Song by Yazoo

from the album You and Me Both
- Released: 1983
- Genre: Synth-pop
- Length: 3:26
- Label: Mute
- Songwriter(s): Vince Clarke
- Producer(s): Eric Radcliffe; Yazoo;

= Mr Blue (Yazoo song) =

1983 song by Yazoo

"Mr Blue" is a song by English synth-pop duo Yazoo, which was released in 1983 on their second and final studio album You and Me Both. The song, written by Vince Clarke, was notably covered by Dutch singer René Klijn in 1993.

==Yazoo version==

===Background===
"Mr Blue" was one of five tracks to be written by Clarke for You and Me Both. It was recorded at Blackwing Studios in London and produced by Yazoo with Eric Radcliffe. Speaking to Melody Maker in 1983, Clarke commented, "You and Me Both [is] probably more serious than the last album. Alison's always written serious lyrics. I've had a bash at it. 'Mr Blue' is about an emotion called... Mr Blue, like a person."

===Critical reception===
In a review of You and Me Both, Gavin Martin of New Musical Express described the song as a "shimmering", "beautifully crisp" and "evocative" song which "pinpoint[s] the outcome of the last four years of harsh political strictures". He also noted the song's "genuinely heartbreaking melody which has that bristling shiver down the spine which hallmarks classic pop from all eras past". Mark Cooper of Number One considered both "Mr Blue" and "Unmarked" to show Clarke "develop[ing] his social conscience" and "dealing military madness a blow or two".

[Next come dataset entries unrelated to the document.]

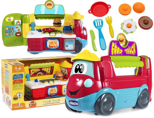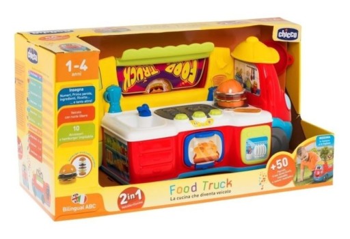 Chicco Food Truck - це розвиваюча мовна іграшка, а це означає, що ця захоплююча розвага неминуче супроводжується солідною порцією навчання та підготовки до кращого та легшого засвоєння іноземних мов у майбутньому. Автомобіль видає понад 50 слів, смішних фраз, мелодій і реальних звуків, типових для кухні. Все це, звісно, у двох мовних версіях!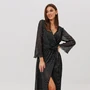 Лёгкое сияние волокон делает платье по-настоящему нарядным, но при этом универсальным: в нём одинаково эффектно выглядят и в повседневной обстановке, и на вечерних встречах. Удобная застёжка-молния на спинке завершает образ продуманной функциональностью.
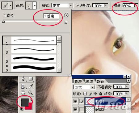 还是使用画笔工具,将画笔的属性调至大小为1(精),流量为60%,如图10所示: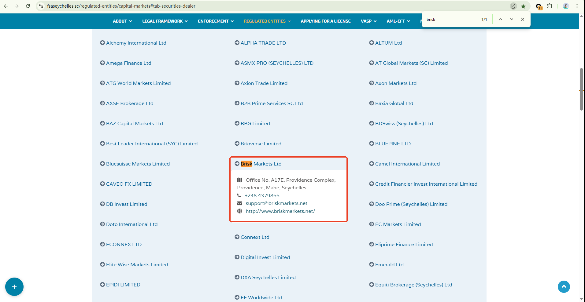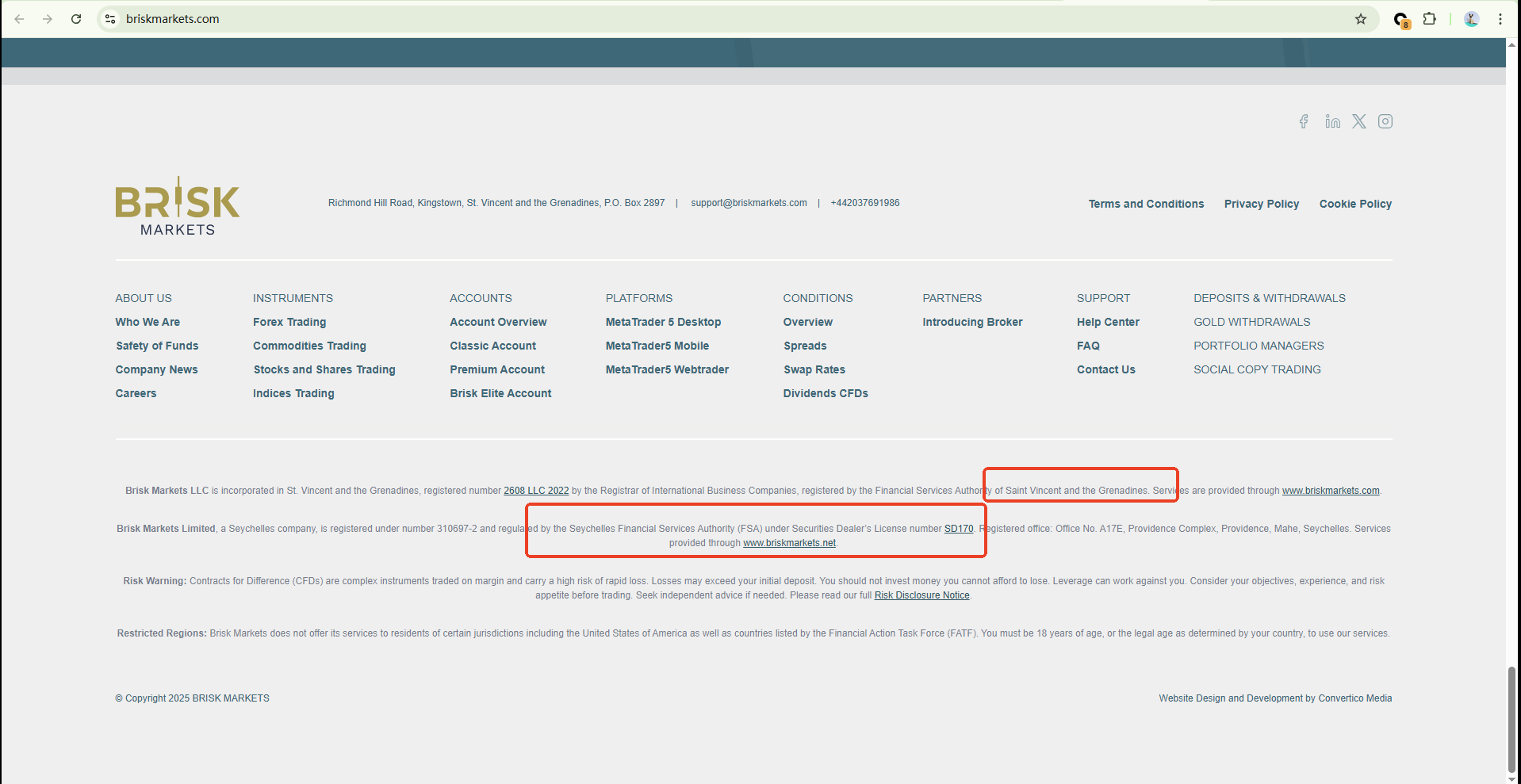 Brisk Markets claims registration with the Saint Vincent and the Grenadines FSA, but this only confirms its status as an International Business Company (IBC), not a valid financial license. The company also claims to operate in Seychelles under the Seychelles FSA with license number SD170; however, the official registry lists "briskmarkets.net" as the authorized domain, differing from its current website, raising concerns about legitimacy. Although the services are claimed to be provided through the registered domain, the discrepancy warrants scrutiny. Brisk Markets is suspected of being a scam.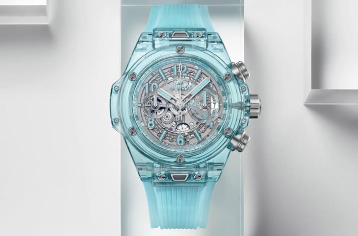 ▲宇舶Big Bang Unico湖水藍寶石計時碼錶以藍湖靈感打造通透夢幻錶殼,搭載HUB1280機芯,融合材質創新與鏤空美學,成就前衛傑作。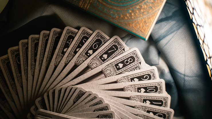 Each deck is printed on air cushion finish, with ROOM decks featuring the added bonus of a gorgeous raised tiling effect on each card back itself to mimic the tiles of Moroccan walls and floors. Each ARCH deck features this same effect, however it is on the face of each card, on the pips themselves, to make each card more tactile and immersive.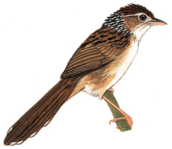 区别辨识:与南亚草鹛相比,中华草鹛的眉纹更明显,头部和上体的条纹更宽更赭色,尾羽的淡色尖端更窄,叫声更不犹豫,最终音符弯曲较少,频率更高。
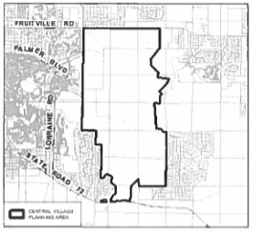 Village Area, Central. That area depicted as 'Village Land Use' on Comprehensive Plan Chapter 8 'Figure RMA-3 Village/Open Space RMA Land Use Map' south of Fruitville Road and north of Clark Road (also known as State Road 72).

Audio described the song as having a mood of "outer-space solitude". Stuart Cohn of Rolling Stone picked "Mr Blue" and "Softly Over" as the best songs on the album, with both setting "ambiguously worded love lyrics to traditional-sounding, hymn-like melodies".

===Personnel===
Yazoo
- Alison Moyet – vocals, producer
- Vince Clarke – instrumentation, producer

Additional personnel
- Eric Radcliffe – producer

==René Klijn version==

"Mr. Blue" was recorded by the Dutch singer and model René Klijn in 1993 and became a number one hit in the Netherlands.

===Background===
Klijn originally performed "Mr. Blue" at the end of his appearance on Paul de Leeuw's De Schreeuw van De Leeuw in November 1992. Klijn appeared on the show to discuss his illness with AIDS. Leading up to his appearance, Klijn requested to perform "Mr. Blue" at the end of the show and he agreed that De Leeuw could accompany him by singing with him during the chorus.

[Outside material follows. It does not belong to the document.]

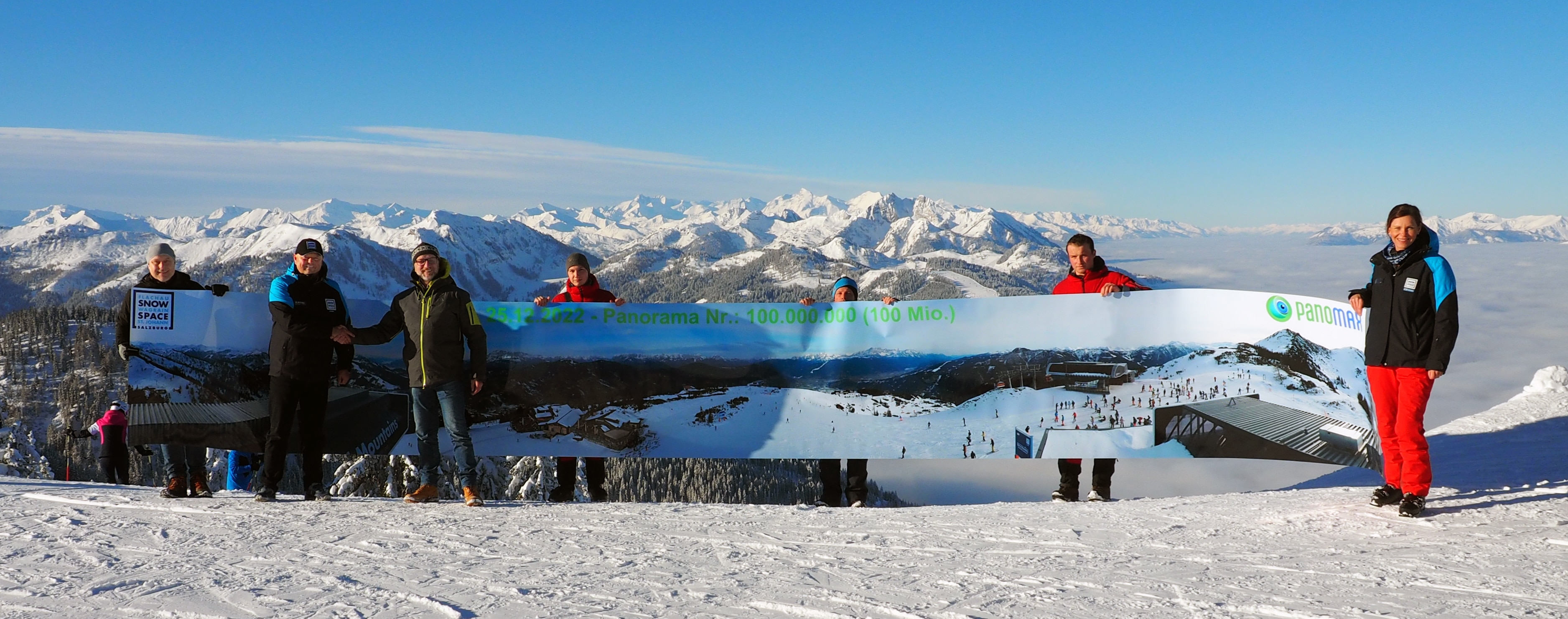Das hundertmillionste Panorama-Bild wurde unterhalb des Grießenkars vom Dach der "Flying Mozart"-Bergstation in Wagrain gemacht, also in der Heimat des Salzburger Unternehmens. Am 26. Dezember 2022 wurde ein 360-Grad-Bild der Pongauer Berglandschaft an die Server in Henndorf übermittelt. Firmengründer und Inhaber Klaus Mairinger nahm das nun zum Anlass, um das entsprechende Bild großformatig auszudrucken und dieses neun Meter lange und 1,12 Meter hohe Foto der Bergbahnen-Geschäftsführung zu überreichen.

The broadcast was viewed by millions and provided a greater awareness of the disease across the country. Klijn then recorded a studio version of the song, which featured contributions from Cor Bakker, Candy Dulfer and John van Eijk. It was released as a single in early 1993 and reached No. 1 on the Dutch Single Top 100 and Dutch Top 40 charts. It became the country's best selling single of the year, with all proceeds donated to an AIDS foundation. Klijn died on 5 September 1993.

===Track listing===
- CD single
1. "Mr. Blue" – 3:45
2. "I Need You" – 3:30
3. "My Best Friend" – 5:10
4. "Mr. Blue" (live recording from De Schreeuw van De Leeuw, 28 November 1992) – 3:53

===Personnel===
Mr. Blue
- René Klijn – vocals, producer
- Mildred Douglas – backing vocals
- Cor Bakker – grand piano, arranger, leader, producer
- Gerard Peters – guitar
- Candy Dulfer – saxophone
- John van Eijk – synthesizer, producer
- Charlie Angenois – bass
- Gerhard Jeltes – drums

===Charts===

| Chart (1993) | Peak position |
|---|---|
| Europe (European Hot 100 Singles) | 52 |
| Netherlands (Dutch Top 40) | 1 |
| Netherlands (Single Top 100) | 1 |

==Other versions==
- In 1986, former Flying Pickets members Brian Hibbard and Red Stripe released a version of the song as a single under the name Brian & Stripe. As their only release, it failed to enter the UK Singles Chart. The Flying Pickets had previously reached the Christmas number one spot in 1983 with an a cappella cover of Yazoo's "Only You".